I think one thing we could do is to make sure that we do not treat men as though they are the enemy, but talk about them as though we do really want them to thrive and be part of the family.

Not the man's behaviour? I'm no LTB-er, but I think criticising the behaviour should come before criticising the response.

CowTown · 21/03/2025 19:23

MrsBennetsPoorNerves · 21/03/2025 18:54

But surely the ones who aren't a risk understand the issues and know that they aren't the problem?

And to add…understand that they do possess the strength to physically overpower a woman, even if they never intend to.
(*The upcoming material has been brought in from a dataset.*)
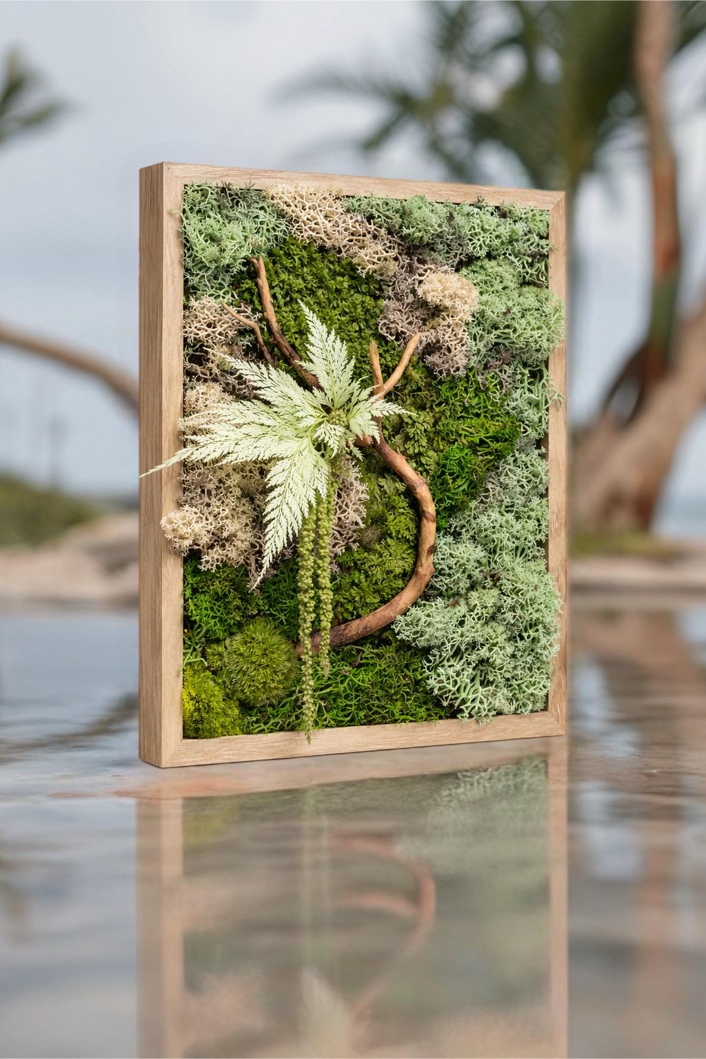 Ce tableau est composé de mousses stabilisées, de feuillages naturels et de bois soigneusement sélectionnés, créant une composition texturée, harmonieuse et apaisante. Monté sur un fond bois clair qui met en valeur les nuances de vert, beige et brun, il s’intègre facilement dans une déco moderne, bohème, ou naturelle.

Snorlaxo · 21/03/2025 20:06

I’m a single parent to 2 young men and a young woman and I think these factors helped

  1. all of them were raised the same. They were all expected to do chores and had the same expectations put on them. If my dd was allowed something then so were my ds and vice versa.
  2. Their friendships with the opposite sex were encouraged and not assumed to be romantic by me. I think that young men with female friends are less likely to end up as incels etc
  3. no sexism allowed in either direction. Individuals might be dickheads but no generalising like “All boys are fuck boys” “All girls are manipulative “ sort of thing
  4. never posting about them on social media and not discussing their thoughts with other adults including their dad (divorced) They could confide in me and be confident that it didn’t go further.
  5. Not having gender based expectations of them and certainly no teasing or humiliation when they don’t follow gender expectations. This also helps with maintaining friends of the opposite sex. For example dd had a birthday sleepover one year (year 5?) and her brother who is a couple of years older allowed the girls to put makeup on him. I thought that he was a great sport where as a more toxic parent might be asking him if he’s gay.
  6. My kids picked friends who were very similar to them (I know, I’m very lucky with this one ) They had similar boundaries like curfews as my kids did and they came from homes where the parents also had high expectations
  7. I think that I kept my kids safe without being controlling. I didn’t track their location on their phone (at their request) and they always answered my calls and texts in good time. They were encouraged to be independent at their pace and trusted to make decisions. They were allowed to make mistakes but told not to repeat them.
  8. I don’t compare my kids with each other. They are individuals with their own strengths, weaknesses and goals. They are praised for effort as well as achievements and as their mum I will help them achieve their goals.